Todo parece perfecto.
¿Pero de qué sirve la perfección si estas solo
y nadie se da cuenta?
Me creía una princesa, digna de mi cuento de hadas. Me creía Reina de mi propia historia de amor... me creía el mundo. Siempre lo mismo, ya lo sé. Me lo dijiste miles de veces y sin embargo...
Tampoco es que me estoy quejando de todo, simplemente me gustaría que mi reciente novio cambie algunas actitudes posesivas que tiene. Si, con respecto a Matías todo sigue igual. No me escucha, no lo veo y Agustín, por supuesto, no me ayuda. ¡Lo ultimo que me faltaba era perder a un amigo! Sobre todo considerando lo poco que hace que te perdí a vos, mi mundo entero. Creí que el amor iba a embellecer mi mundo otra vez, que las cosas por fin iban a darse y que mi universo personal, que estaba ya lo suficientemente torcido iba por fin a enderezarse. Error.
Entiendo que sea difícil confiar en mí debido a mi prontuario: Mauricio, Mauro, El profe... pero desde que estoy con él, hago todo lo posible para evitar cualquier tipo de contacto con ellos. No, no es fácil, pero por lo menos lo intento. Además, mi alrededor no me ayuda mucho. Las chicas están intentando abrirle los ojos a Agustín. Sí, como leíste... le dan detalles del verano, cuando seguía viendo al profe, cuando me era imposible hacer una elección. Lo sentaron y le contaron verdades, una tras otra... ¿Qué sentido tenía? Si de todas formas él ya sabía que yo lo seguía viendo, ¡Sabía las razones y todo! Y para completar un poco el panorama Erika ahora tiene una especie de relación con El profe. ¿Detalles? No, no tengo. Obviamente no nos hablamos. Antes de que empiece su apego con mi ex profesor, también se encargó de repartir verdades. Yo entiendo que me quieran ayudar, pero no lo hacen. También sé que muchas veces me excedo en mentiras (dicen que lo que se hereda...) pero de todas formas, ¿no es mejor dejar que lo resuelva yo, antes de que ellas se pongan en la piel de unas heroínas de cómics?

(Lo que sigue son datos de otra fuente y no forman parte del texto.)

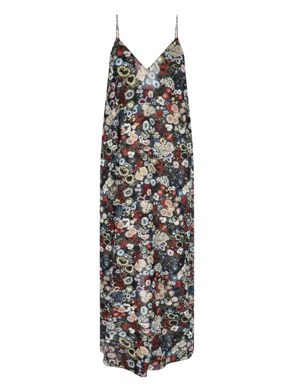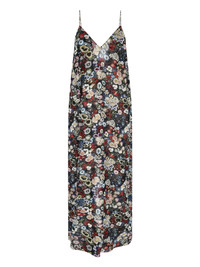 KHAITE MAXI TAJA DRESS IN MULTICOLOR SILK CHIFFON WITH FLORAL PATTERN, THIN STRAPS, FRONT V-NECK, BACK ZIP CLOSURE, ONE BACK SPLIT, AND STRAIGHT HEM. PRODUCT INFO PRODUCT CODE 55953372 W3372283 COMPOSITION: 100% SILK SIZE AND FIT: REGULAR FIT MADE IN: KOREA

De Mauro no tengo noticias, o sí, pero poco importantes. De todas formas nos hablamos seguido, como siempre. Es difícil que logre despegarme de él, así que me controlo. Puedo fingir con cualquiera, pero con Mauro, jamás. Ya hice todo demasiado mal cuando lo tuve para mí y no quiero bajo ningún concepto hacerle eso. Lo quiero demasiado como para arriesgarme a lastimarlo, así que me conformo con mi charla amistosa y algún que otro abrazo cuando lo cruzo por ahí. No, a Agustín eso tampoco lo alegra, pero no hay ningún tipo de discusión cuando se trata de Mauro. Se hace lo que yo digo y se acabó.
Y con Mauricio... el agujero de mi pecho no me permite ni siquiera nombrarlo, así que en ese caso estamos perfecto. No lo extraño, no lo quiero y, por suerte, no lo veo.
Ambos lejos, pero cerca, en mi cabeza. Y eso enfurece a mi novio. Si, es obvio, no debería tener fantasmas en mi mente, pero él me conoció partida al medio y sabe que estoy haciendo todos mis esfuerzos para poder repararme. No es fácil, necesito colaboración y no la tengo. Alguien que me entienda aunque sea, no que se ponga del lado de Agustín inmediatamente solo por un par de lágrimas de cocodrilo.
No te das una idea de lo mucho que te necesito. Me encantaría que estuvieras acá así nuestra conversación podría llegar a ser mas fluida y no estar como una loca escribiéndole a nadie. Si no fuera porque es una forma de sentirte mas cerca tiraría este bendito diario a la mierda e iría a buscarte. Pero me obligaste a esperarte, y esta es la única manera que encontré de sobrevivir a este martirio.